Leonard Peltier, an activist for the rights of the Amerindians detained for almost half a century for the murder of two FBI agents, was released on Tuesday morning from a federal prison in the center of Florida.
Mr. Peltier, 80, will purge the rest of his two perpetuity sentences in the home grip in northern Dakota, where he is a member of the Turtle Mountain of Chippewa band.
The switching of Mr. Peltier’s sentence was one of the end acts of former president Joseph R. Biden Jr. before leaving his duties. Those who urge the leniency for Mr. Peltier, who is in poor health and partially blind, included the winners of Nobel Peace, former officials of the application of laws, including one of the main prosecutors on the case, Human rights organizations and celebrities like Steven Van Zandt, Bruce’s guitarist for Bruce, the street group of Springsteen.
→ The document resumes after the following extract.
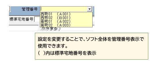 [メインメニュー]-[1.環境設定]-[基本設定]タブにある[標準宅地番号コンボボックスの表示方法]を「管理番号」に変更します。
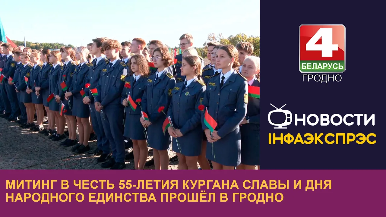 01:49Митинг в честь 55-летия Кургана Славы и Дня народного единства прошёл в Гродно. 15.09.2023Телерадиокомпания Гродно18.09.202353 прагляды

FBI agents, notably Christopher Wray, the former director of the agency, strongly opposed the Clemence for Mr. Peltier, saying that it was a betrayal of fallen agents, Jack Colaer and Ronald Williams. Mr. Wray described Mr. Peltier as “killer without remors”.
He was convicted of his role in a shooting between militants and FBI agents in the Indian Pine Ridge reserve in 1975 who made two agents and a dead activist. The prosecutors said that the agents had been killed at the point of close range.
Mr. Peltier admitted to having shot his weapon at a distance, but insisted that he acted in self -defense and did not kill the agents.
Of the more than 30 people present during the shooting, Mr. Peltier was the only one to be found guilty of a crime. Two other Native American activists were tried for murder, but were acquitted. Disappointments admitted in their trials, including ballistic evidence, have been excluded from that of Mr. Peltier, who, according to his supporters, was one of the ways in which his trial was unfair.
A court of appeal concluded in 1986 that the government had deliberately retained evidence, but said that the evidence would probably not have changed the verdict.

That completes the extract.